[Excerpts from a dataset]
========================================================================

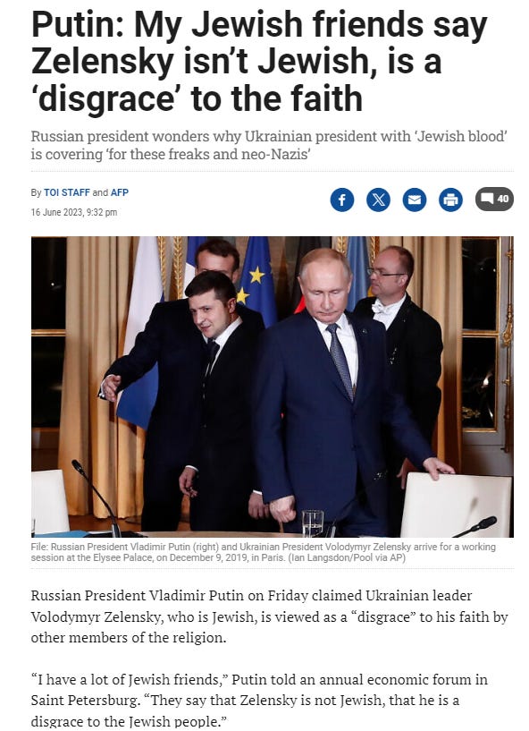 2) Putin is not Jewish and his stated motives for the war are principally geopolitical (stopping Ukraine from furthering its ties with NATO; preventing Ukrainian nationalists from gaining more power; expanding Russia's power; none of that is Jewish or Israel related).
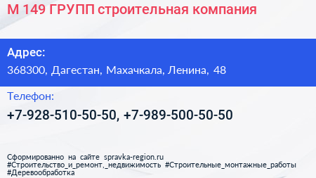 М-149 ГРУПП, строительная компания по адресу 368300, Дагестан, Махачкала, Ленина, 48 в дальнейшем Организация, размещена в следующих категориях:
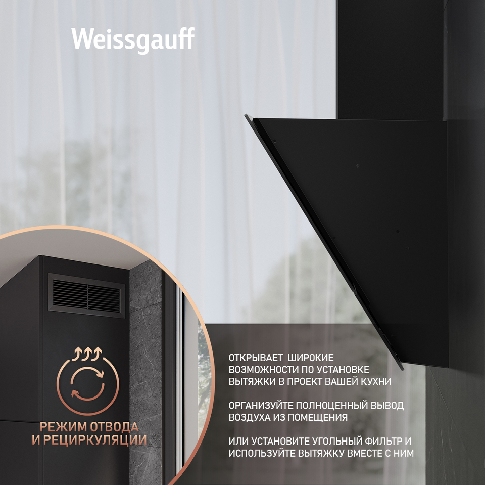 Работа в режимах отвода и циркуляции откроет вам широкие возможности по установке этой вытяжки в проект вашей кухни. Организуйте полноценный вывод воздуха из помещения или установите угольный фильтр и используйте вытяжку вместе с ним - какой бы вариант вы ни выбрали, модель от Weissgauff сделает это возможным!
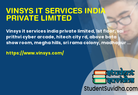 Vinsys IT Services India Private Limited, 1st floor, Sai Prithvi Cyber Arcade, Hitech City Rd, Above Bata show room, Megha Hills, Sri Rama Colony, Madhapur
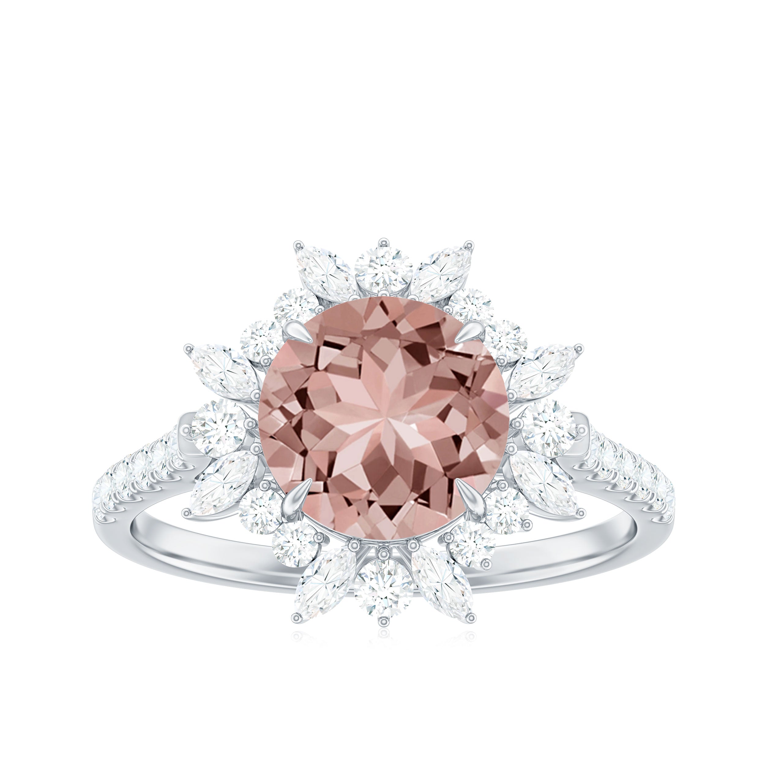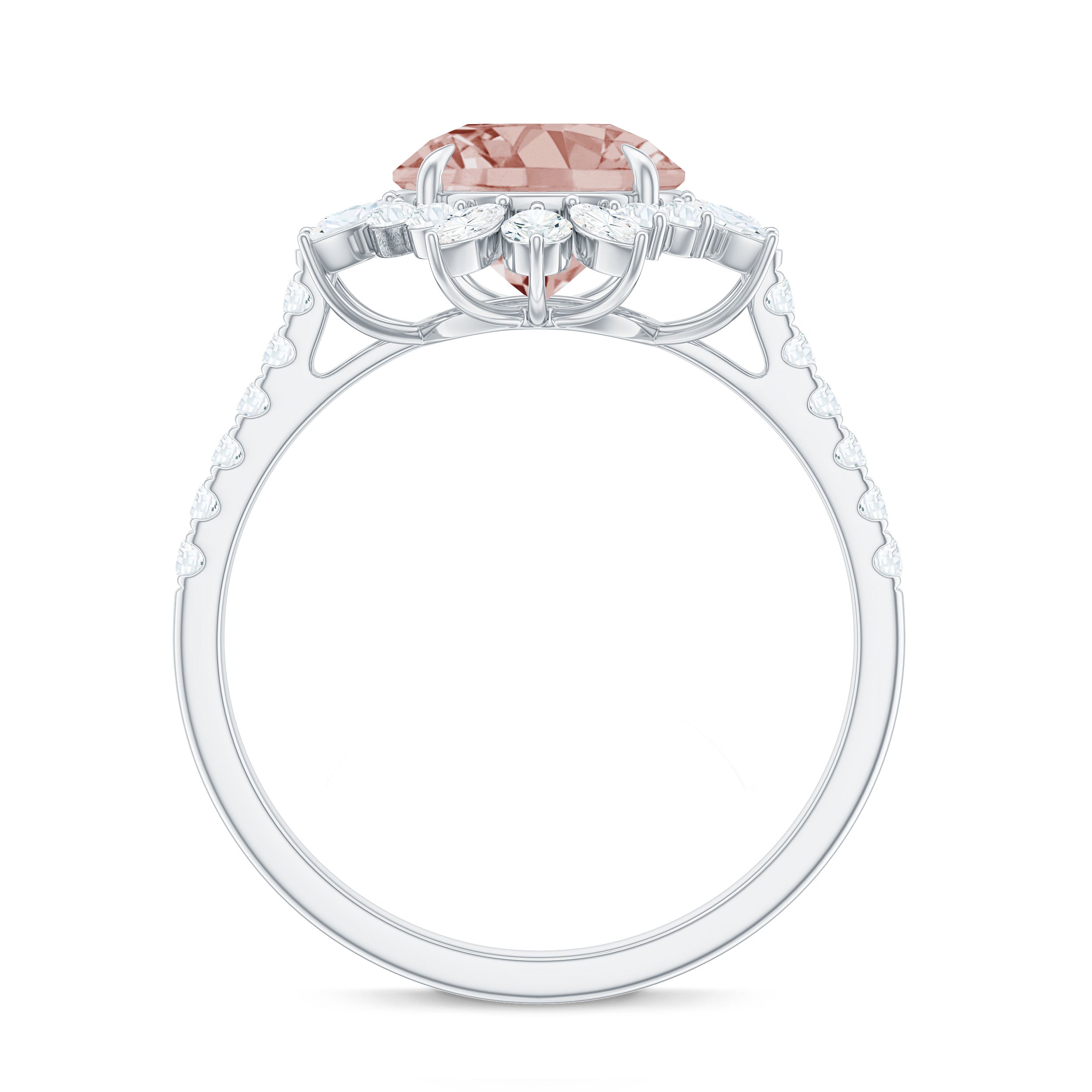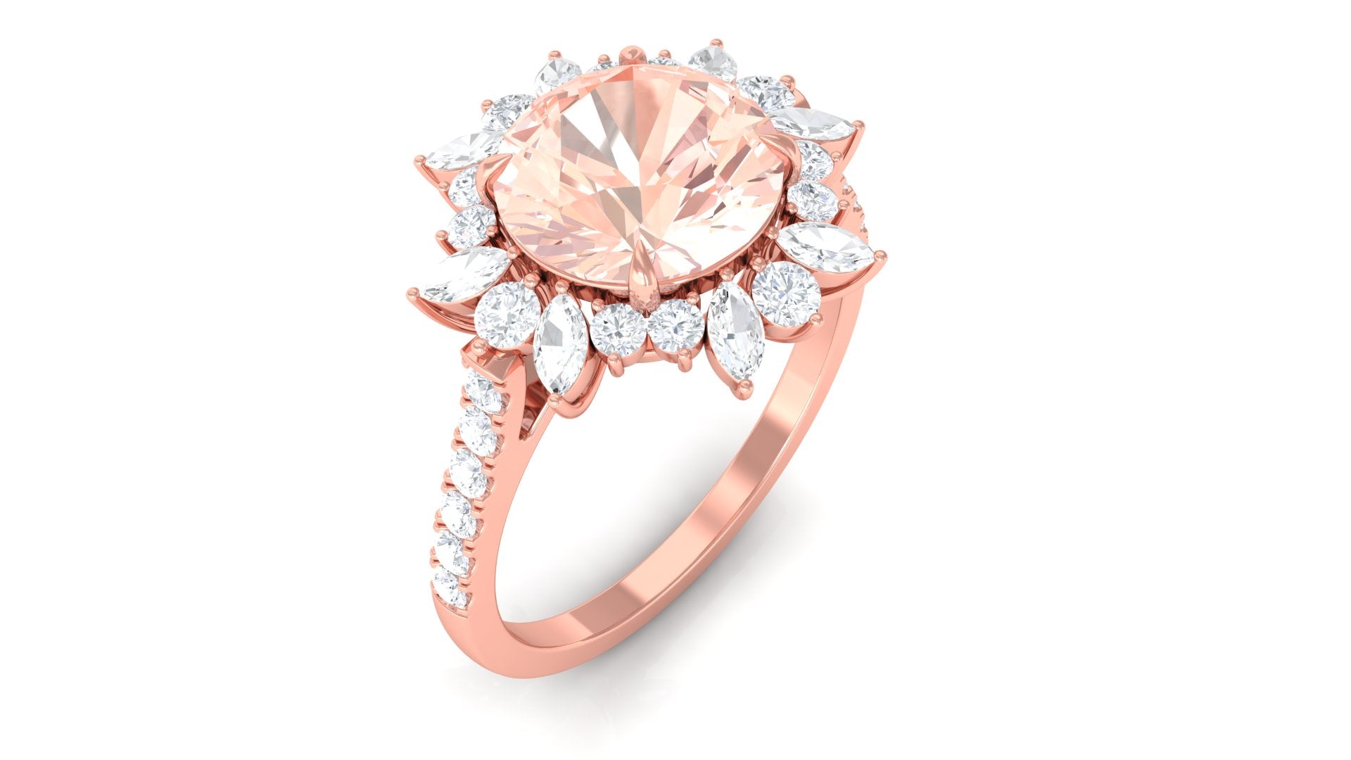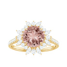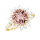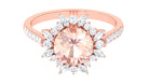 Round Morganite Statement Engagement Ring with Moissanite Floral Halo
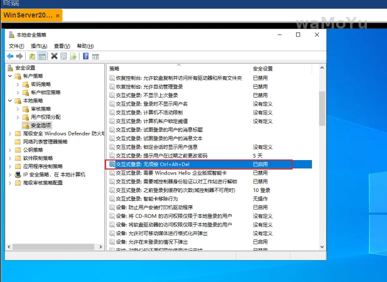 3、启动"本地安全策略""本地策略""安全选项""交互式登入:无需按CTRL+ALT+DEL"。
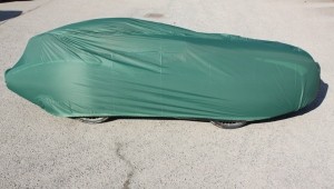 A velomobile cover made of silnylon, an extremely tear-resistant and lightweight fabric coated with silicone. The coating renders the fabric (not the seams) waterproof, additional coating of the seams is available on request (+ 10 €).
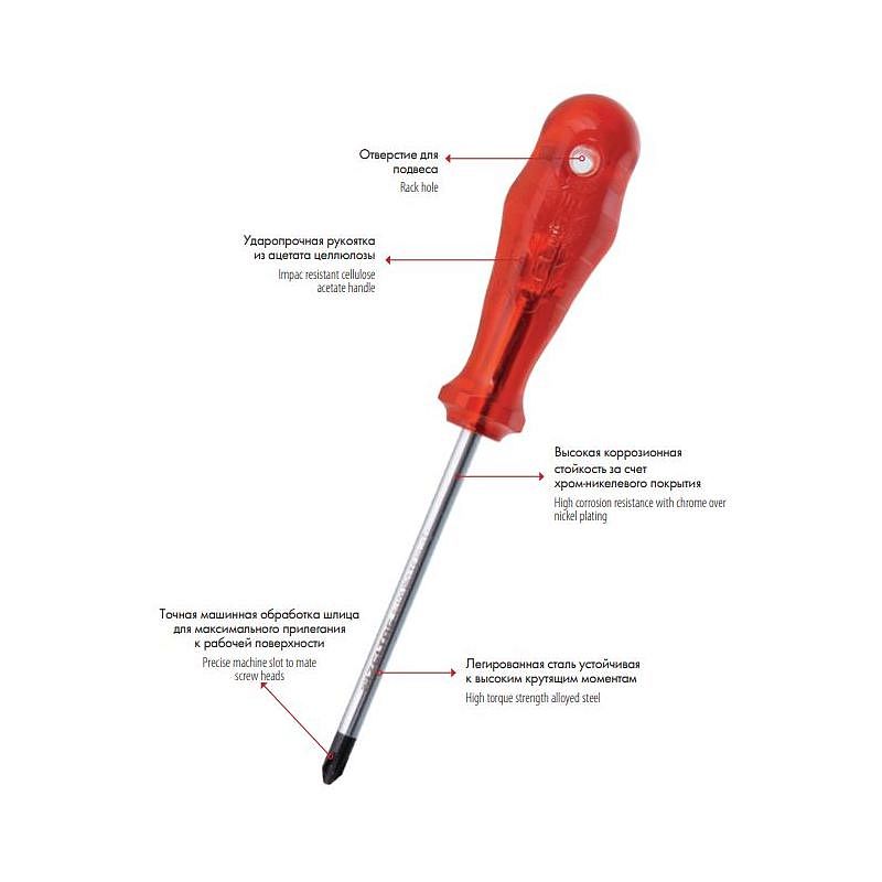 Отвертка Kraft с прямым шлицем (Slotted), рукоятка из ацетата целлюлозы, 0.5X3.0Х80, IZELTAS, 4100170380, 13000001272
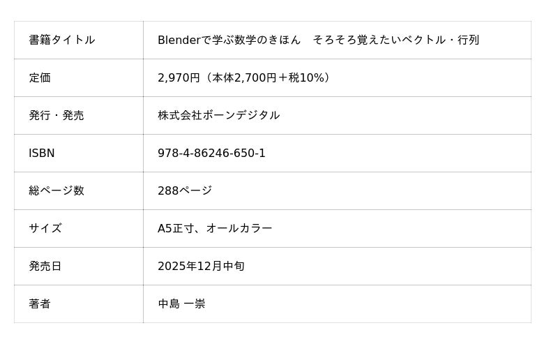株式会社ボーンデジタル(本社:東京都千代田区、CEO:新 和也、URL:https://www.borndigital.co.jp)は、『Blenderで学ぶ数学のきほん そろそろ覚えたいベクトル・行列』(著:中島 一崇)を2025年12月中旬に発売いたします。
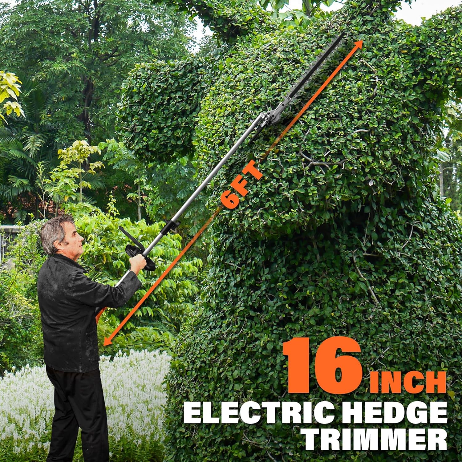 - HEDGE TRIMMER: 16-inch dual-action laser cutting blades provide you with an efficient hedge trimming experience, allowing you to trim high branches with ease. The blades are adjustable from 0-180 degrees to meet the needs of trimming branches at different angles.
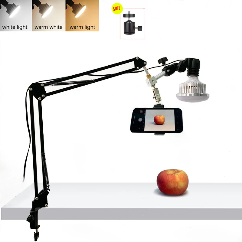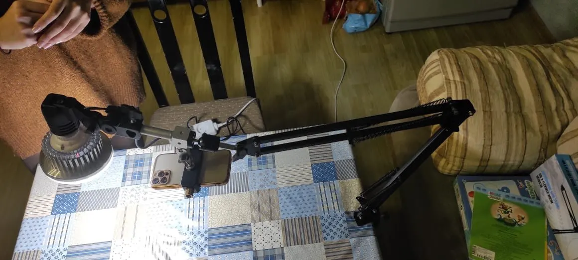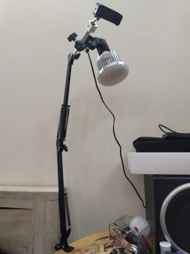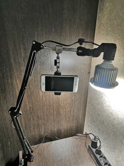 Посылка дошла быстро, с российского склада. Все очень добротное и надёжное. Все соединения металлические и в сборе нагрузку держит. Не думал, что лампа будет настолько большой, но зато она очень яркая и не мерцает на видео. Правда на пульте сплошные иероглифы, но это не большая проблема. Продавец положил ещё небольшую приспособу чтобы закрепить телефон отдельно.
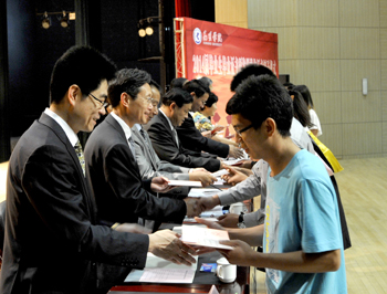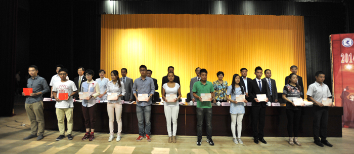 郭华副校长宣读《beat365在线体育唯一正版关于对2014届省级优秀毕业生进行表彰的决定》,与会校领导分别为获奖学生代表颁发荣誉证书,229名同学受到了表彰奖励。

========================================================================

→ WHAT THE TASK ASKS
None of the pictures belong in the result. Print exactly the lines from the one containing "Отвертка Kraft с" through the final line of the entries.

→ WRITTEN RESPONSE
 Отвертка Kraft с прямым шлицем (Slotted), рукоятка из ацетата целлюлозы, 0.5X3.0Х80, IZELTAS, 4100170380, 13000001272
株式会社ボーンデジタル(本社:東京都千代田区、CEO:新 和也、URL:https://www.borndigital.co.jp)は、『Blenderで学ぶ数学のきほん そろそろ覚えたいベクトル・行列』(著:中島 一崇)を2025年12月中旬に発売いたします。
 - HEDGE TRIMMER: 16-inch dual-action laser cutting blades provide you with an efficient hedge trimming experience, allowing you to trim high branches with ease. The blades are adjustable from 0-180 degrees to meet the needs of trimming branches at different angles.
 Посылка дошла быстро, с российского склада. Все очень добротное и надёжное. Все соединения металлические и в сборе нагрузку держит. Не думал, что лампа будет настолько большой, но зато она очень яркая и не мерцает на видео. Правда на пульте сплошные иероглифы, но это не большая проблема. Продавец положил ещё небольшую приспособу чтобы закрепить телефон отдельно.
 郭华副校长宣读《beat365在线体育唯一正版关于对2014届省级优秀毕业生进行表彰的决定》,与会校领导分别为获奖学生代表颁发荣誉证书,229名同学受到了表彰奖励。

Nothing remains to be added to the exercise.